▸ REQUIRED WORK: Please retype the listing below exactly as it stands, skipping any pictures.

▸ GIVEN INFORMATION:
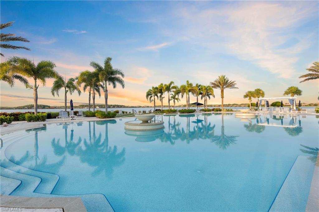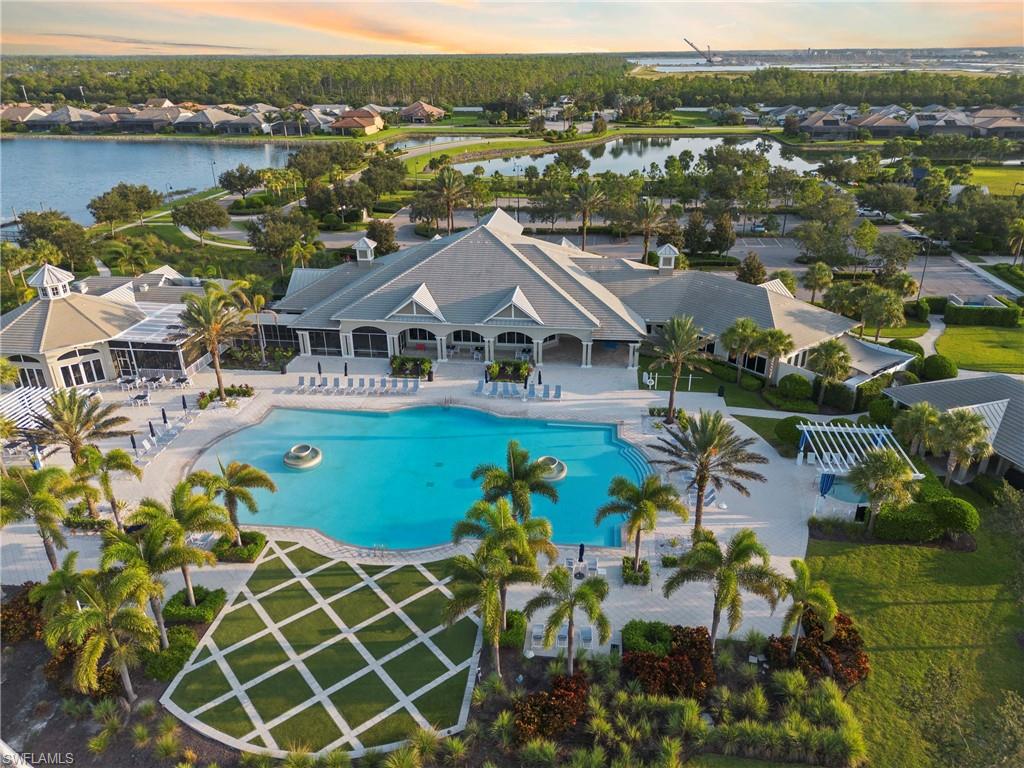 LAKEFRONT TRANQUILITY WITH WOODS & WILDLIFE! Enjoy an active, outdoor llifestyle in the Resort Style Gated Community of Corkscrew Shores! Rare view offers privacy & tranquility with no rear neighbors. Spacious tropical yard with elbow room features a covered lanai (with hook-up for your outdoor kitchen). Screened-in heated POOL & SPA WITH CASCADING WATERFALL & unobstructed view thru the 'picture window' enclosure! Indoor/outdoor dining options intermingle with full wall of zero-corner sliding glass doors. FURNISHED & READY FOR YOU NOW! Open floor plan- Pinnacle model by Pulte Homes. 3 bedrooms (2 ensuite), den/office & 3 full baths. Chefs kitchen with white cabinets, oversized island with seating, beverage nook with wine cooler & granite counters. Owners retreat with fresh paint & flooring, huge walk-in closet. Feel protected with hurricane IMPACT windows. 3 car garage with epoxy coated flooring. Low traffic cul-de-sac treelined street with sidewalks. NO CDD OR CLUB FEES. NOT IN A FLOOD ZONE. Amenity island overlooking the 240-acre lake features: Zero edge pool w/fountains, spa, indoor/outdoor restaurant & bar, firepits. Kayak & canoe launch, fishing pier, boating (non-gas), 24-hr state of the art fitness, movement studio, basketball, tennis, bocce, ping pong, pickle-ball courts, playground, picnic area. Close to FGCU, Airport, Hertz Arena, open air shopping & dining.
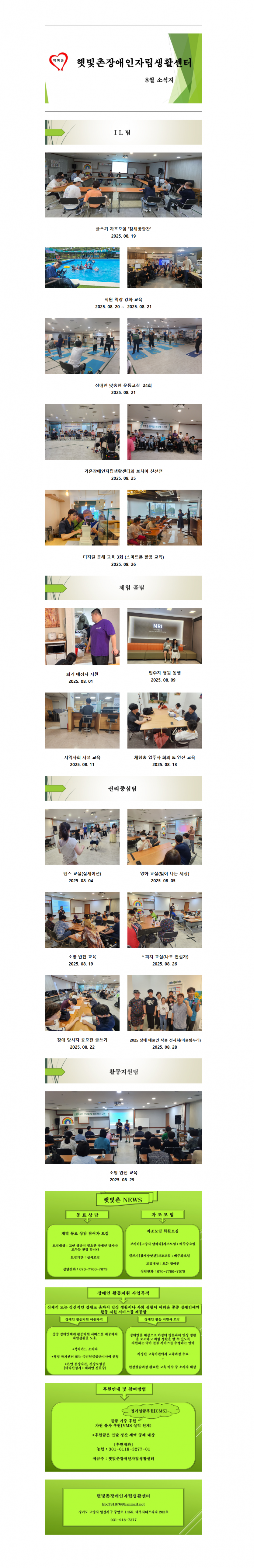 2025년 8월 햇빛촌 소식지 페이지 정보 작성자 햇빛촌 조회 807회 작성일 25-09-11 13:32 본문 2025년 8월 햇빛촌 소식지 목록 이전글햇빛촌장애인자립생활센터 채용 공고 25.09.26 다음글2025년 7월 후원금 수입, 사용 내역 보고 25.08.22 댓글목록 댓글목록 등록된 댓글이 없습니다.
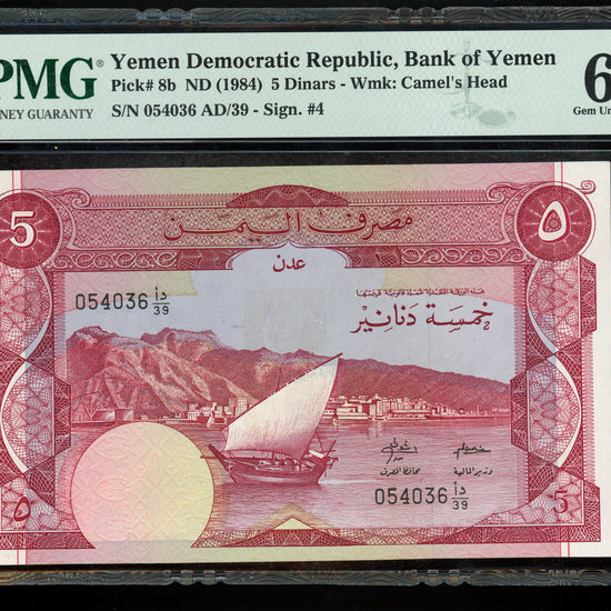 Lot 997: Yemen - ND (1984) - 5 Dinars - PMG 65 EPQ
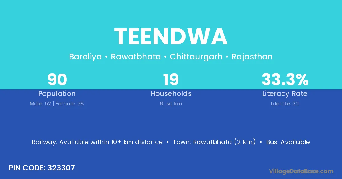 Rawatbhata (2 km) is the nearest town to Teendwa village for major economic activities and is located approximately 2 km away.

▸ RESPONSE AREA:
 LAKEFRONT TRANQUILITY WITH WOODS & WILDLIFE! Enjoy an active, outdoor llifestyle in the Resort Style Gated Community of Corkscrew Shores! Rare view offers privacy & tranquility with no rear neighbors. Spacious tropical yard with elbow room features a covered lanai (with hook-up for your outdoor kitchen). Screened-in heated POOL & SPA WITH CASCADING WATERFALL & unobstructed view thru the 'picture window' enclosure! Indoor/outdoor dining options intermingle with full wall of zero-corner sliding glass doors. FURNISHED & READY FOR YOU NOW! Open floor plan- Pinnacle model by Pulte Homes. 3 bedrooms (2 ensuite), den/office & 3 full baths. Chefs kitchen with white cabinets, oversized island with seating, beverage nook with wine cooler & granite counters. Owners retreat with fresh paint & flooring, huge walk-in closet. Feel protected with hurricane IMPACT windows. 3 car garage with epoxy coated flooring. Low traffic cul-de-sac treelined street with sidewalks. NO CDD OR CLUB FEES. NOT IN A FLOOD ZONE. Amenity island overlooking the 240-acre lake features: Zero edge pool w/fountains, spa, indoor/outdoor restaurant & bar, firepits. Kayak & canoe launch, fishing pier, boating (non-gas), 24-hr state of the art fitness, movement studio, basketball, tennis, bocce, ping pong, pickle-ball courts, playground, picnic area. Close to FGCU, Airport, Hertz Arena, open air shopping & dining.
 2025년 8월 햇빛촌 소식지 페이지 정보 작성자 햇빛촌 조회 807회 작성일 25-09-11 13:32 본문 2025년 8월 햇빛촌 소식지 목록 이전글햇빛촌장애인자립생활센터 채용 공고 25.09.26 다음글2025년 7월 후원금 수입, 사용 내역 보고 25.08.22 댓글목록 댓글목록 등록된 댓글이 없습니다.
 Lot 997: Yemen - ND (1984) - 5 Dinars - PMG 65 EPQ
 Rawatbhata (2 km) is the nearest town to Teendwa village for major economic activities and is located approximately 2 km away.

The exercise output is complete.